OttoBib.com
- Website type: metasearch
- Owner: jonathanotto.com
- Creator: Jonathan Otto
- Website: http://www.ottobib.com/
- Registration: no
- Launched: January 2006
- Current status: no longer operational

= OttoBib =

Web tool to generate a bibliography

OttoBib.com was a website with a free tool to generate an alphabetized bibliography of books from a list of International Standard Book Numbers (ISBN) with output in MLA, APA, Chicago/Turabian, BibTeX and Wikipedia format. Each query also generated a "temporary" permalink (self-destructs in about one month) which could be used to recall the bibliography without reentering the ISBN data. The site was a metasearch engine, integrating data from several sources, including the U.S. Library of Congress API, the Amazon.com database of books, and ISBNdb.com. OttoBib accepted ISBNs with either 10 or 13 digits.

== Background ==

OttoBib.com was started as a hobby project in 2006 by Jonathan Otto, a then 4th year undergraduate at the University of Wisconsin–La Crosse, USA. It was originally called "That's Crazy Hot!" but the name was quickly changed to OttoBib because the original title was "not suitable for the academic environment and consequently won't take off."

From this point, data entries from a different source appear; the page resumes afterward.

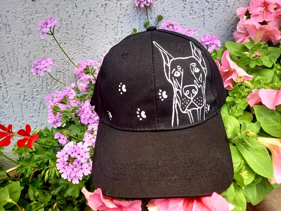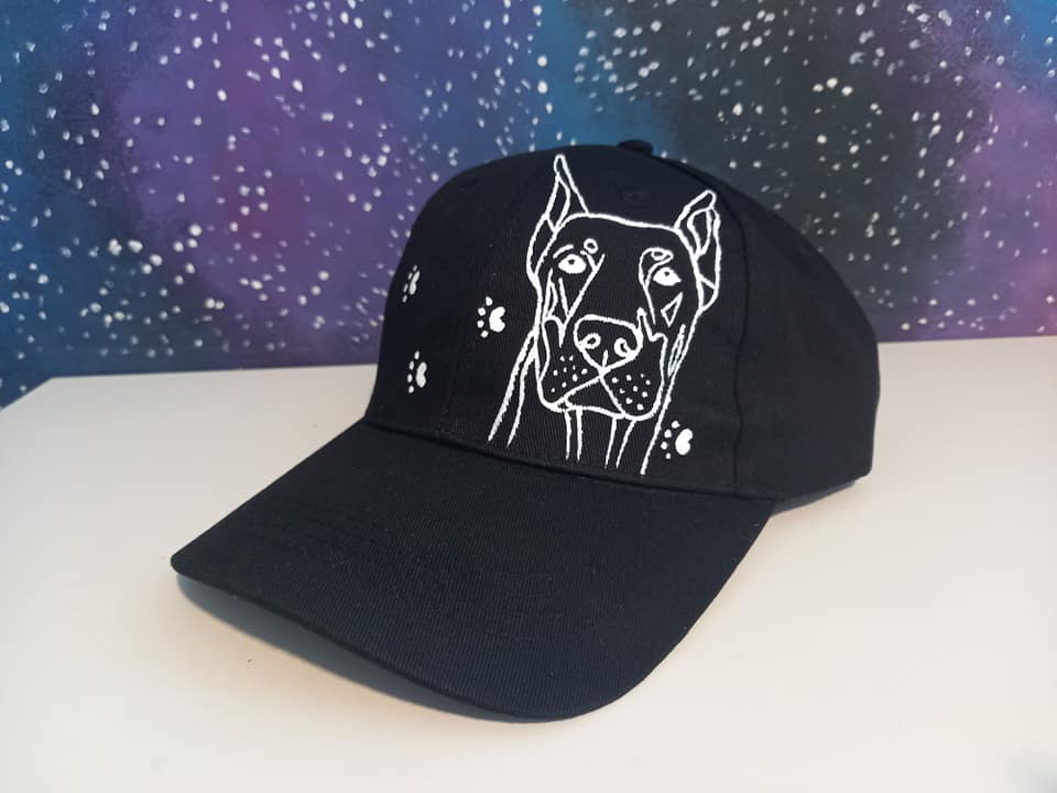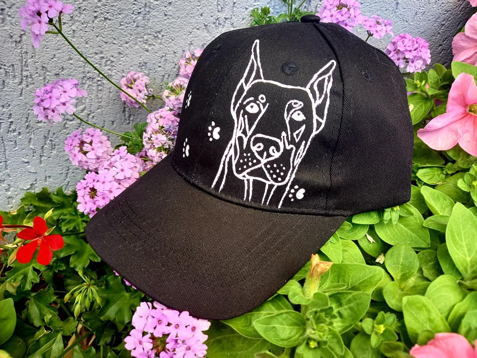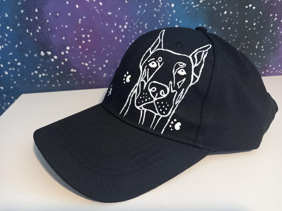 Wyjątkowa ręcznie malowana czapka z daszkiem z Dobermanem.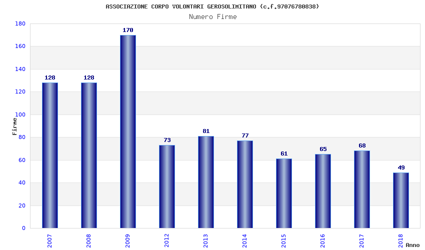 | Anno | Firme | Importi | Media | Naz. | Reg. | Prov. | Comu. |
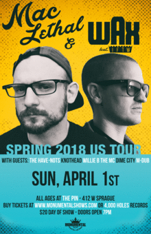 Mac Lethal returns to Spokane, WA to bring his fast-rap talents as seen on YouTube with Def Jam famed Wax. These talents combined will be sure to give one of the most memorable hip hop events of the year!

The original inspiration for the site came from Seth Godin's January 3, 2006 blog post on "Stuck Systems", where he wrote:

A quick online search didn't turn up what seemed obvious to me: a free service that would allow a writer to type in all the ISBNs used in creating a paper and then generate two things:

1. a bibliography based on looking up the data online and
2. a web page that would allow the reader/teacher to see the books, their covers... etc.

== Functionality ==

OttoBib.com performed the two basic functions outlined. Marcus P. Zillman, an Internet information retrieval consultant and speaker said "this website is the start of a new paradigm of citing sources." Jason Clarke, a writer and web developer, said OttoBib is a "tool that solves a simple problem in a simple manner."

== Developments ==

In January 2007, OttoBib introduced a REST interface to allow a citation to be generated from a URL that contains the ISBN. For example, ISBN 0-19-511797-2 could be used in the URL:

to display

 Patterson, J., (1997). Grand Expectations. Oxford Oxfordshire: Oxford University Press.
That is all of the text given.